> COLLECTED DATA:
┄┄┄┄┄┄┄┄┄┄

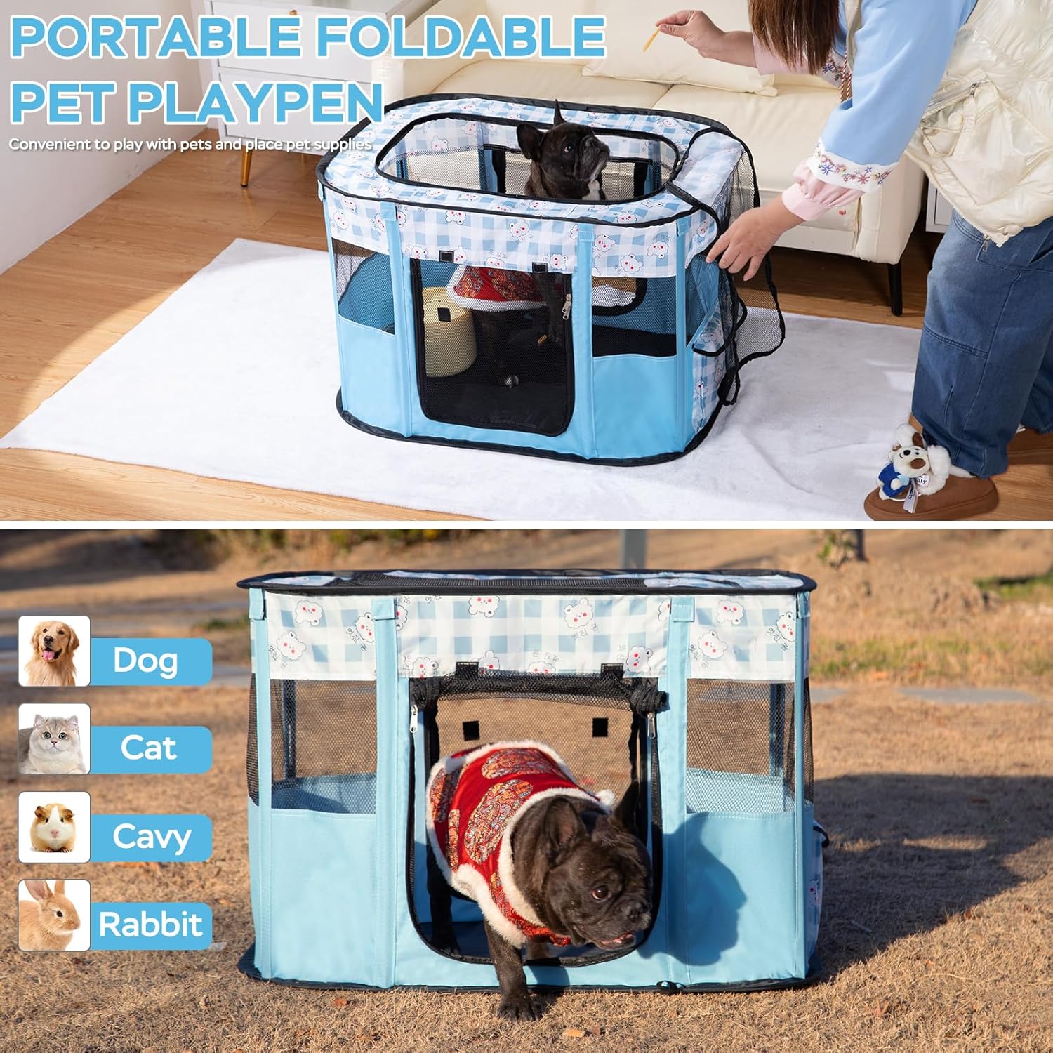 Dog and CAT pop Play Pen,Pets Houses for Dogs and Cats,Indoor&Outdoor Exercise Pen Dog Tent Puppy Playground Large (M, Bule)
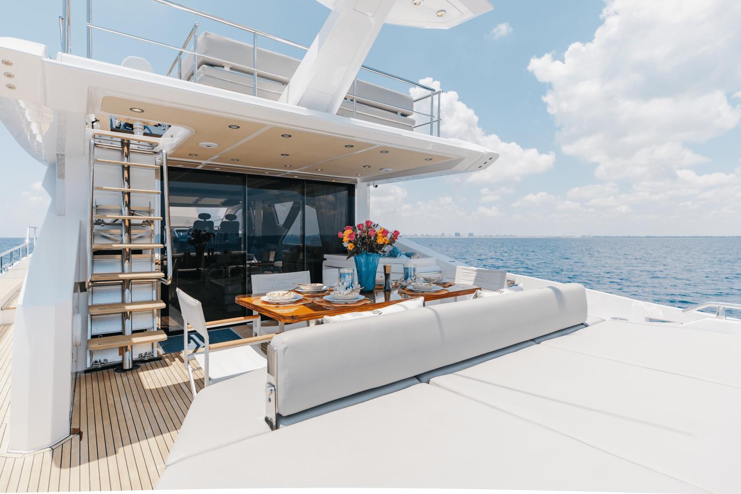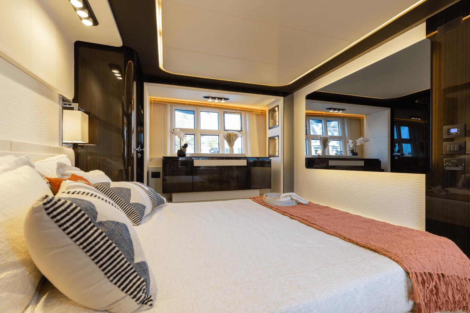The 2019 Azimut 77S seamlessly combines Italian craftsmanship with modern performance and design. Powered by triple Volvo IPS 1350 engines, she offers impressive speed, maneuverability, and fuel efficiency—delivering a refined cruising experience. Her layout features four well-appointed staterooms, including a full-beam master suite, along with separate crew accommodations for enhanced privacy. The salon is bright and spacious, framed by expansive windows and topped with a retractable hardtop that invites natural light throughout. Exterior spaces are equally impressive, with generous sunpads, versatile lounging areas, and a garage capable of housing a tender and SeaBob. This yacht represents the perfect balance of luxury and performance, ideal for the discerning owner seeking both comfort and capability at sea. She is conveniently located in Pompano Beach, FL and comes with Passport Premier Extended Warranty valid until 4/29/27 and she has new interior carpet.
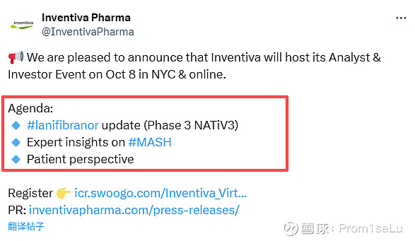 2、Inventiva Pharma (IVA)将于10月8日在纽约和网上举办分析师与投资者活动,议程重点 :更新mash三期 lanifibranor(第3阶段 NATiV3)进展。

┄┄┄┄┄┄┄┄┄┄

> WHAT YOU NEED TO DO:
Only these lines belong in the answer: the first line of the listing above through the line holding "The 2019 Azimut", printed exactly and without pictures.

> RESULT FOR THIS TASK:
 Dog and CAT pop Play Pen,Pets Houses for Dogs and Cats,Indoor&Outdoor Exercise Pen Dog Tent Puppy Playground Large (M, Bule)
The 2019 Azimut 77S seamlessly combines Italian craftsmanship with modern performance and design. Powered by triple Volvo IPS 1350 engines, she offers impressive speed, maneuverability, and fuel efficiency—delivering a refined cruising experience. Her layout features four well-appointed staterooms, including a full-beam master suite, along with separate crew accommodations for enhanced privacy. The salon is bright and spacious, framed by expansive windows and topped with a retractable hardtop that invites natural light throughout. Exterior spaces are equally impressive, with generous sunpads, versatile lounging areas, and a garage capable of housing a tender and SeaBob. This yacht represents the perfect balance of luxury and performance, ideal for the discerning owner seeking both comfort and capability at sea. She is conveniently located in Pompano Beach, FL and comes with Passport Premier Extended Warranty valid until 4/29/27 and she has new interior carpet.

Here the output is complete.